Overtraining Syndrome: When Exercise Becomes Dangerous

If your training becomes more intense and you have less recovery between workouts, be careful. Not only does this have the potential to affect your performance, but it can also adversely affect your health.
Overtraining syndrome: when exercise becomes dangerous

Everyone knows that exercise is a fundamental part of being healthy. Yet, like everything in life, balance is key. Regular and consistent training is necessary for well-being. So when exercising, it is important not to spend too much time doing it. In addition to being harmful to your body, it can lead to overtraining syndrome (OTS).

Keep reading to learn more about overtraining syndrome and how to prevent it.

What is overtraining syndrome?

Exercise has countless health benefits. On the psychological side of things, it reduces depression and anxiety and helps you cope with stress better. It also improves your self-esteem and your relationships with others. From a physical point of view, exercise helps prevent obesity and cardiovascular disease.

Two sweaty guys practice karate.

However, problems arise when you begin to dedicate considerable time to exercising or exercising a sport. If your training becomes more intense and you have less recovery time between workouts, be careful. Not only does this have the potential to affect your performance, but it can also adversely affect your health.

You may also feel completely lost by the sport you are practicing and feel mentally and physically exhausted. You may be in a bad mood, feel apathetic, or have trouble sleeping. If these symptoms persist and become chronic, you may have overtraining syndrome. This is when your body is so overworked that you cannot recover from your own physical effort and your performance is affected.

What makes this syndrome difficult is that many athletes increase their training when they notice their weaker performance. It leads to a vicious cycle. They assume they are not doing well because they are not training enough, so they are training even more. Consequently, their symptoms and performance will worsen.

What are some symptoms of overtraining syndrome?

One sign of overtraining syndrome is physiological and psychological changes. Another is maladaptive symptoms. In general, a person with overtraining syndrome suffers from fatigue, insomnia, loss of appetite, weight loss, headaches, muscle aches, frequent infections, digestive problems and even amenorrhea and osteoporosis.

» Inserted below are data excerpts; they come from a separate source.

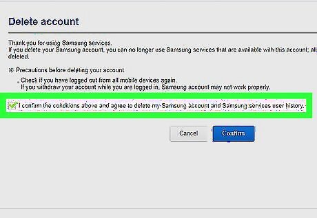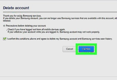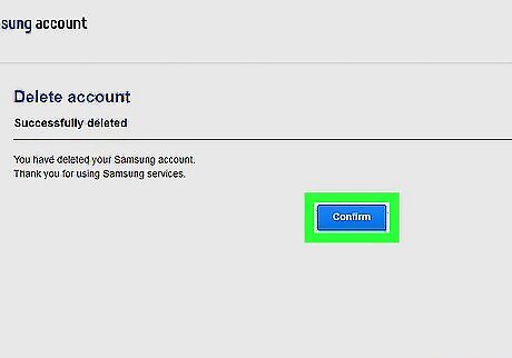 Click the blue Confirm button. This will confirm your decision, and delete your Samsung account.
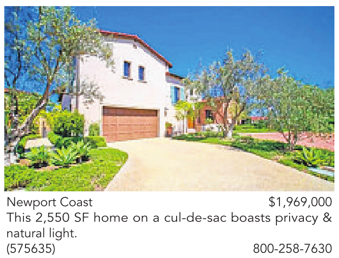 Newport Coast $1,969,000 This 2,550 SF home on a cul-de-sac boasts privacy & natural light. (575635) 800-258-7630
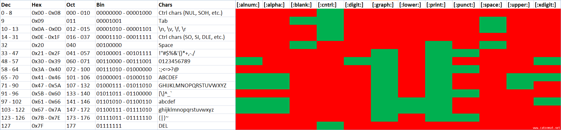 | Visualization of Regular Expression Character Classes Posted: 25 Feb 2013 11:28 AM PST We all know the regular expression character classes, right? There are 12 standard classes: [:alnum:] [:digit:] [:punct:] [:alpha:] [:graph:] [:space:] [:blank:] [:lower:] [:upper:] [:cntrl:] [:print:] [:xdigit:] But have you seen a visual representation of what these classes match? Probably not. Therefore I created a visualization that illustrates which part of the ASCII set each character class matches. Call it a cheat sheet if you like: A bunch of programs that I usedJust for my own reference, in case I ever need them again, here are the one-liners I used to create this cheat sheet: perl -nle 'printf "%08b - %08b\n", map { hex "0x".(split / /)[0], hex "0x".(split / /)[1] } $_ ' perl -nle 'printf "%03o - %03o\n", map { (split / /)[0], (split / /)[1] } $_' And I used this perl program to generate and check the red/green matches: use warnings; use strict; my $red = "\e[31m"; my $green = "\e[32m"; my $clear = "\e[0m"; my ($start, $end) = @ARGV; die 'start or end not given' unless defined $start && defined $end; my @classes = qw/alnum alpha blank cntrl digit graph lower print punct space upper xdigit/; for (map { chr } $start..$end) { for my $class (@classes) { print "${green}1${clear}" if /[[:$class:]]/; print "${red}0${clear}" unless /[[:$class:]]/; } print "\n" } CreditsI was inspired to create this visualization when I saw a similar table for C's ctype.h character classification functions. |
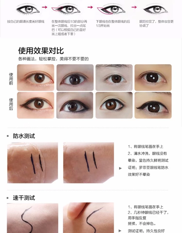 Luofeiya kẻ mắt bút bi nước khô nhanh không thấm nước không nở kẻ mắt người mới bắt đầu trang điểm mịn màng mắt to
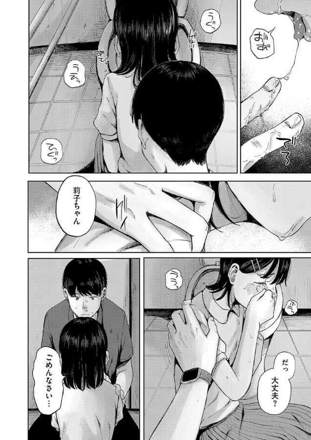 体調不良で塾の授業を早退する莉子。そこで兄の友人で同じ塾の講師をしている宮田と偶然出会う。一人で帰宅するという莉子に家まで送るという宮田。移動のバスでは懐かしく昔話をしていたが、バスを降りると暑さからか急に気分が悪くなった莉子。宮田は慌てて公園のトイレに連れていき介抱するが莉子はなかなか上手く吐けないでいた。顔を真っ赤にし、涙と唾液でぐしゃぐしゃになった莉子の表情を見た途端、宮田は己の裡(うち)にある昏い衝動に駆られていき──。
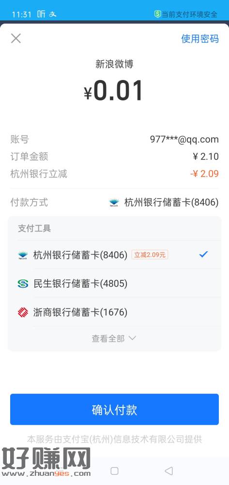 杭州银行立减,有卡的都去试试。几年前开的电子账户,最近一买东西直都显示有立减,不知道什么情况
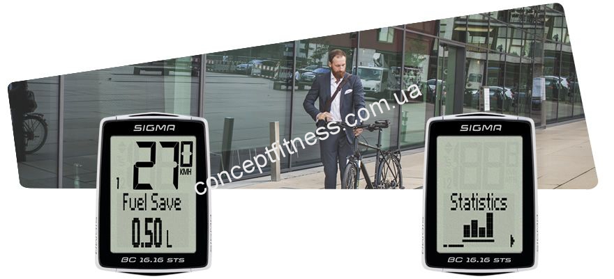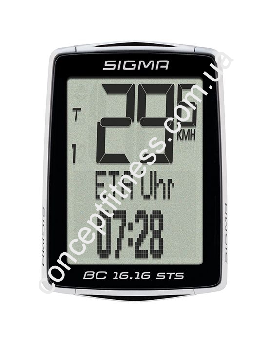 Велокомпьютер BC 16.16 STS Sigma Sport SD01617 напханий різними сучасними опціями, які полегшують поїздки і дозволяють істотно скорегувати фігуру. Додатково можна побачити статистику останніх вправ і поїздок за минулі 12 місяців. Установка відбувається без спеціальних інструкцій і інструментів. Управління девайсом не складне, інтуїтивне і зрозуміле. Великий плюс криється в енергозбереженні, коли пристрій переходить в сплячий режим. Девайс володіє водонепроникними властивостями, що дає можливість кататися в будь-яку погоду, навіть під дощем. Прилад розраховує час прибуття, має яскраве підсвічування, що дуже зручно в нічний час доби, а також демонструє економію, скільки заощадив велосипедист, відмовившись від поїздки на авто.
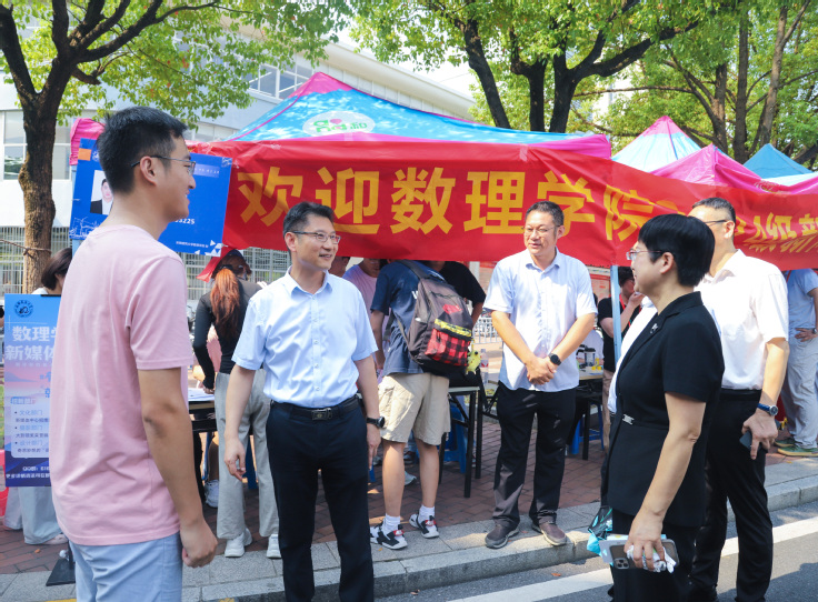 校领导马文革、黄显怀、王玉兰、蔡国军、李早来到各学院迎新现场,看望2024级新生和家长并慰问迎新工作人员。

On a psychological level, people with OTS suffer from depression, anxiety, damaged self-esteem, apathy, mental exhaustion, difficulty concentrating and emotional instability. They may also notice changes in their athletic performance. Their strength, resistance, speed and coordination suffer.

As you can imagine, a person with OTS makes several technical mistakes. Therefore, it is more difficult for them to achieve their goals. But it does not end there. At the physiological level, their heart rate and blood pressure increase, as well as their oxygen consumption.

What can you do with OTS?

If you get to this point, it is not enough to take a break from training. That is why it is so important to detect OTS as soon as possible. If you are hoping to reverse the effects, you need to make several major changes. You need to reduce the amount of time you train, the intensity of the training, and allow more recovery time between sessions.

An exhausted runner with overtraining syndrome is sitting on the ground.

Presenting variation in the training regimen is also important and useful. Try different types of exercise you enjoy doing. It is also important to increase motivation and self-confidence.

Finally, you need to learn how to effectively regulate the emotional problems that come with OTS. Create some healthy habits that prioritize a good diet and plenty of rest.